A leading Canadian expert in bariatric surgery pleaded no contest yesterday to accusations that he sexually abused female patients over nearly a decade, leading a disciplinary committee of the College of Physicians and Surgeons to revoke his medical licence effective immediately.
Jacobo Joffe, a Toronto surgeon who provided weight-loss operations to obese patients, engaged in concurrent and continuing sexual relationships with four patients, including a pair of twin sisters, taking "advantage of the patients' vulnerable position," according to Carolyn Silver, a lawyer representing the CPSO.
"I went to him to help me make my life better, to help me transform, and he destroyed my trust," said one of the patients, who attended the proceedings and can be identified only as Patient D.
In a personal-impact statement read to the hearing by Ms. Silver, Patient D wrote that she went to Dr. Joffe at a time of "personal desperation" and "when my life began to get better he took advantage of my feelings of thankfulness toward him."
Dr. Joffe performed gastroplasty on Patient D in 1999, the hearing was told, and during follow-up visits engaged her in sexual intercourse and oral sex, sometimes at Scarborough Hospital, where Dr. Joffe had hospital privileges.
During a hearing recess, tears pooling along her dark lashes, Patient D said, "I thought I was the only one." Both she and Dr. Joffe were married when the abuse began, she said, and by the time it ended in 2006, so had her marriage.
The committee also heard that Dr. Joffe, 59, engaged the twin sisters, identified as Patients A and B, by complimenting them and telling them it was every man's dream to have sex with twins. Ms. Silver read uncontested allegations that he used illicit drugs with both patients and "engaged in various sexual acts with them, both separately and together," sometimes at his office.
Candidates for bariatric surgery, who generally have a body mass index over 40, are especially vulnerable to compliments from an authority figure such as a doctor, said David Macklin, director of Weightcare weight management clinics.

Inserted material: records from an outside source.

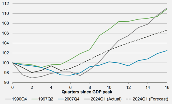 Lower interest rates and mortgage rollovers are expected to drive economic recovery in coming months. As outlined above, it is sensible to temper expectations as to whether households will have the confidence to spend their higher disposable income resulting from lower interest rates. Some will understandably maintain a level of caution, or rebuild their financial buffers, in the face of still mid-four percent mortgage rates and limited wealth effect from house price inflation.
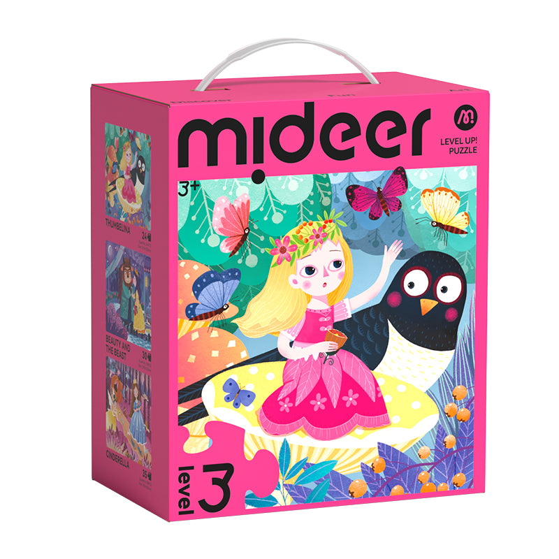 Level 3: Princesses theme has 3 puzzles in 1 box & features 3 fairy tale scenes including Thumbelina, Cinderella anb Beauty and the Beast.
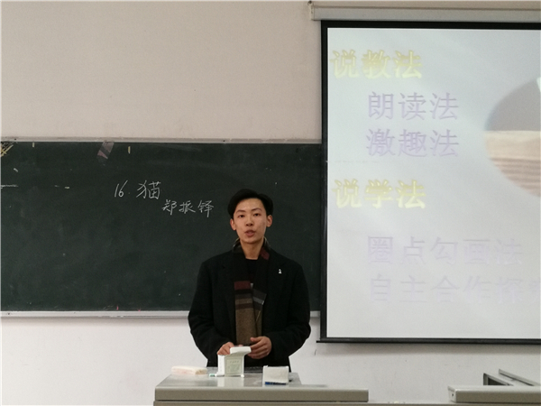 比赛伊始,主持人首先上台介绍了本次比赛的宗旨及到场的评委,宣读并讲解了比赛要求以及评选规则。随后,选手们的比赛正式开始,参赛选手们在8分钟说课讲读中展现出了对课堂教学的整体把握和良好的专业师范技能,通过多种独特创新的说课方式阐明了自己对说教材、说教学目标、说教学重点、说教法等七个说课关键部分的理解,并做出简短精炼的分析。在说课过程中选手们还通过增加解说作者生平背景来丰富说课环节的内容,充分反映出了他们对待比赛认真、赛前准备充分的积极态度。同时,选手们说课篇目多样,分别有《紫藤萝瀑布》、《爱莲说》、《咏雪》等名篇,可以看出选手们对中学课堂教学准确熟练的把握。
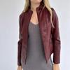 Roupas de couro femininas de tamanho europeu transfronteiriço Jaqueta feminina slim-fit Casaco fino de primavera e outono Roupas de motociclista femininas Jaqueta de couro com gola alta tamanho grande
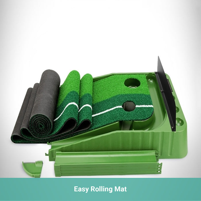 When fully extended, this putting mat measures 10ft in length, giving golfers plenty of room to perfect their putting techniques. For easy storage, the mat can be simply rolled away.

Obese patients often struggle with "false and negative thoughts," and a physician's role is to provide an antidote to those thoughts, he said. "Someone who is a trusted individual by the nature of their profession that would cross the line into such an activity is nothing less than a trauma."

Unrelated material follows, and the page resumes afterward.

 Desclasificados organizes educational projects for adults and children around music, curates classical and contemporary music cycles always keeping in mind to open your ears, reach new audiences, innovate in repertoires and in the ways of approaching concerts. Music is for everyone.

In their impact statements, all of the patients wrote that they were seeking counselling to help cope with anxiety and depression resulting from their abuse.
Dr. Joffe, despite arguments from his lawyer, David Porter, was ordered by the committee to pay $10,000 to each of the four victims toward their therapy and counselling.

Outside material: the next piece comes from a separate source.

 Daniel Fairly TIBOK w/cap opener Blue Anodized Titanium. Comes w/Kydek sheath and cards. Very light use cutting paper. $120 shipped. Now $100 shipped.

Dr. Joffe did not attend his disciplinary hearing and Mr. Porter declined comment.
A woman who answered the phone at his North York home asked for privacy.
"It's a difficult situation," she said.
On a forum called obesityhelp.com, patients of Dr. Joffe posted reviews that were generally positive about his professionalism. They indicated that he was still performing surgery in recent months.
The CPSO placed a restriction on his licence in May of last year prohibiting him from engaging in professional encounters with females without the presence of a monitor.